As an aside, it’s worth briefly comparing perf’s approach, which samples the exact hardware instruction being executed when a PMU event occurs, with a traditional Java profiler like VisualVM which samples at the JVM level (i.e. bytecodes). A JVM profiler needs to interrupt the thread, then record the current method, bytecode index, and stack trace, and finally resume the thread. Obviously this has larger overhead but there is a deeper problem: JIT-ed code cannot be interrupted at arbitrary points because the runtime may not be able to accurately reconstruct the VM state at that point. For example one cannot inspect the VM state halfway through executing a bytecode. So at the very least the JIT-ed code needs to continue executing to the end of the current bytecode. But requiring the VM to be in a consistent state at the end of each bytecode places too many restrictions on an optimising JIT. Therefore the optimised code can typically only be interrupted at special “safepoints” inserted by the JIT – in Hotspot this is at method return and loop back-edges. That means that a JVM profiler can only see the thread stopped at one of these safepoints which may deviate from the actual hot parts of the code, sometimes wildly. This problem is known as safepoint bias.

So a hardware profiler can give us better accuracy, but how to translate the JIT-ed code addresses to Java method names? Currently there are at least two tools to do this, both of which are implemented as JVMTI plugins that load into a JVM process and then dump some metadata for perf to use.

The first is the “jitdump” plugin that is part of the Linux perf tree. After being loaded into a JVM, the plugin writes out all the machine code and metadata for each method that is JIT compiled. Later this file can be combined with recorded profile data using perf inject --jit to produce an annotated data file with the correct symbol names, as well as a separate ELF shared object for each method allowing perf to display the assembly code. I use this often at work when I need to do some detailed JIT profiling, but the offline annotation step is cumbersome and the data files can be 100s of MB for large programs. The plugin itself is complex and historically buggy. I’ve fixed several of those issues myself but wouldn’t be surprised if there are more lurking. This tool is mostly overkill for typical Java developers.

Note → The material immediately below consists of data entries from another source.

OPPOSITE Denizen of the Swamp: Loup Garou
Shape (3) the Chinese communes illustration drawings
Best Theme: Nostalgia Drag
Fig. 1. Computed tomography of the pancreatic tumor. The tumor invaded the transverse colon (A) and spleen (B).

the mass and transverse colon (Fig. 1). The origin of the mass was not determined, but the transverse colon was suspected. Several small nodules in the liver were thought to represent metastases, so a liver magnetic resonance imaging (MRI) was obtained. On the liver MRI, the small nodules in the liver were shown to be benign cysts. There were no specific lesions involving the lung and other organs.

The second tool that I’m aware of is perf-map-agent. This generates a perf “map” file which is a simple text file listing start address, length, and symbol name for each JIT compiled method. Perf will load this file automatically if it finds one in /tmp. As the map file doesn’t contain the actual instructions it’s much smaller than the jitdump file, and doesn’t require an extra step to annotate the profile data so it can be used for live profiling (i.e. perf top). The downsides are that profile data is aggregated by method so you can’t drill down to individual machine instructions, and the map can become stale with a long-running VM as methods can be unloaded or recompiled. You also need to compile the plugin yourself as it’s not packaged in any distro and many people would rightly be wary of loading untrusted third-party code which has full access to the VM. So it would be much more convenient if the VM could just write this map file itself.

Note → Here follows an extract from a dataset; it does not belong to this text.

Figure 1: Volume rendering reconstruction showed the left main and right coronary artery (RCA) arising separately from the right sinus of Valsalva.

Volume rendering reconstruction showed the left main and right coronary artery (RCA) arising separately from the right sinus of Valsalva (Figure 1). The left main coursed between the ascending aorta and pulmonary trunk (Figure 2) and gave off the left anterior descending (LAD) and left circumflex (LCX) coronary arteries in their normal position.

OpenJDK 17, which should be released early next month, has a minor new feature contributed by yours truly to do just this: either send the diagnostic command Compiler.perfmap to a running VM with jcmd, or run java with -XX:+DumpPerfMapAtExit, and the VM will write a perf map file that can be used to symbolise JIT-ed code.

$ jps
40885 Jps
40846 PiCalculator
$ jcmd 40846 Compiler.perfmap
40846:
Command executed successfully
$ head /tmp/perf-40846.map 
0x00007ff6dbe401a0 0x0000000000000238 void java.util.Arrays.fill(int[], int)
0x00007ff6dbe406a0 0x0000000000000338 void PiSpigout.calc()
0x00007ff6dbe40cc0 0x0000000000000468 void PiSpigout.calc()
0x00007ff6dbe41520 0x0000000000000138 int PiSpigout.invalidDigitsControl(int, int)
0x00007ff6d49091a0 0x0000000000000110 void java.lang.Object.<init>()
0x00007ff6d4909560 0x0000000000000350 int java.lang.String.hashCode()
0x00007ff6d4909b20 0x0000000000000130 byte java.lang.String.coder()
0x00007ff6d4909ea0 0x0000000000000170 boolean java.lang.String.isLatin1()

Here we can see for example that the String.hashCode() method starts at address 0x00007ff6d4909560 and is 0x350 bytes long. Let’s run perf top again:

Samples: 206K of event 'cycles', 4000 Hz, Event count (approx.): 94449755711 lost: 0/0 drop: 0/0
Overhead  Shared Object                         Symbol
  78.78%  [JIT] tid 40846                       [.] void PiSpigout.calc()
   0.56%  libicuuc.so.67.1                      [.] icu_67::RuleBasedBreakIterator::handleNext
   0.34%  ld-2.31.so                            [.] do_lookup_x
   0.30%  libglib-2.0.so.0.6600.3               [.] g_source_ref
   0.24%  libglib-2.0.so.0.6600.3               [.] g_hash_table_lookup
   0.24%  libc-2.31.so                          [.] __memmove_avx_unaligned_erms
   0.20%  libicuuc.so.67.1                      [.] umtx_lock_67

This is much better: now we can see that 79% of system-wide cycles are spent in one Java method PiSpigout.calc().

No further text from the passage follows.